Aim: Getting started with statistical approaches and bioinformatics tools commonly used to analyze microarray experiments and to cluster genes according to their expression profiles.

This practical is divided in three sections:

Correction of experimental biases (part I)
Detection of differentially expressed genes (part II)
Clustering of co-expressed genes (part III)
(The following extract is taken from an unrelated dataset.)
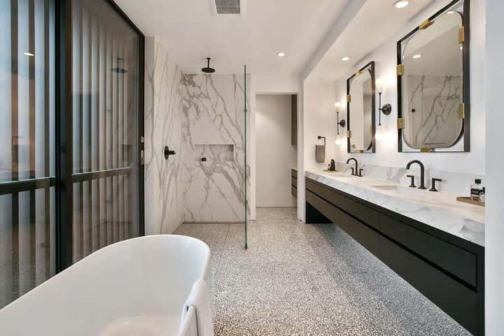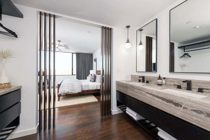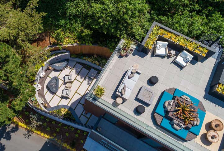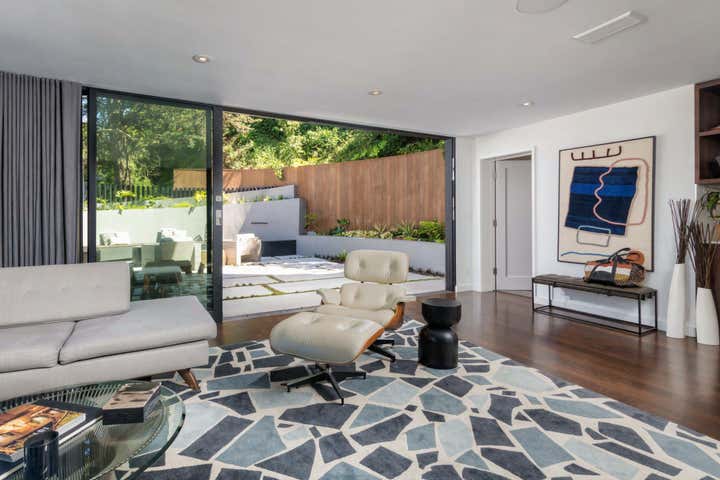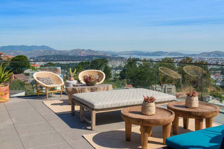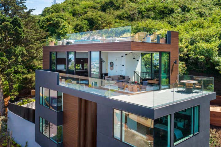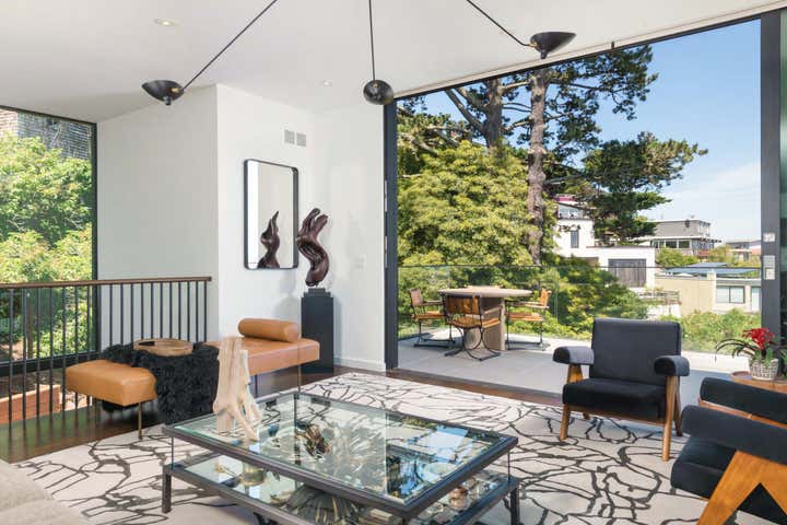Situated on the dramatic slope of Twin Peaks in San Francisco, this single-family home embraces the moody textures created by the large window expanses throughout the house. Combining the warmth of 70’s modern masculine with the structural severity of French industrial design, this 4-level property exudes the best of city living with its breathtaking skyline views and connection to the surrounding hillside.

The first microarray datasets were collected from the publication of Guida et al.2011.
The authors used high throughput technologies (microarrays and deep sequencing) to determine the transcriptional profile of the pathogenic yeast Candida parapsilosis growing in several conditions including media, temperature and oxygen concentrations.
We will use the datasets related to the study of the hypoxic (low oxygen) response in C. parapsilosis.

library loading

library(marray)
library(limma)

1 Preprocessing of the raw data : Correction of experimental biases

The hypoxia experiments were performed comparing one cell culture incubated at atmospheric oxygen conditions (Cy5 signal) and another one incubated in 1% O~2 (Cy3 signal).

Reading of GPR file

Input : a GPR file with detailed information for each spot on the slide (gene name, Cy5 and Cy3 intensity values, background intensities and other statistics).
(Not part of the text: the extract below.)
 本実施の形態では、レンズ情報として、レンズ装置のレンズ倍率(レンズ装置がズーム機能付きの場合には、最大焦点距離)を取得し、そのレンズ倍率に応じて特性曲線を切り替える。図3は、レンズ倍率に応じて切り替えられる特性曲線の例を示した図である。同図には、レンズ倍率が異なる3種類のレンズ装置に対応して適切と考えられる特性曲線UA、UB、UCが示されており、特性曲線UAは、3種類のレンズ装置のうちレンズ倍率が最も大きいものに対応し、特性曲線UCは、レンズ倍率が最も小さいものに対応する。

The library Marray offers several functions to : * Read GPR files * Draw graphical representations of microarray results (foreground and background signals, missing values, MAplots, etc.) * Perform the normalization between Cy5 and Cy3 signals.

#Read the GPR file usinf the marray package function read.GenePix
rawdata <- read.GenePix(fnames="dataFile1_normAnalysis.gpr",
                        path= "/shared/projects/ens_hts_2020/data/microarrays/data/")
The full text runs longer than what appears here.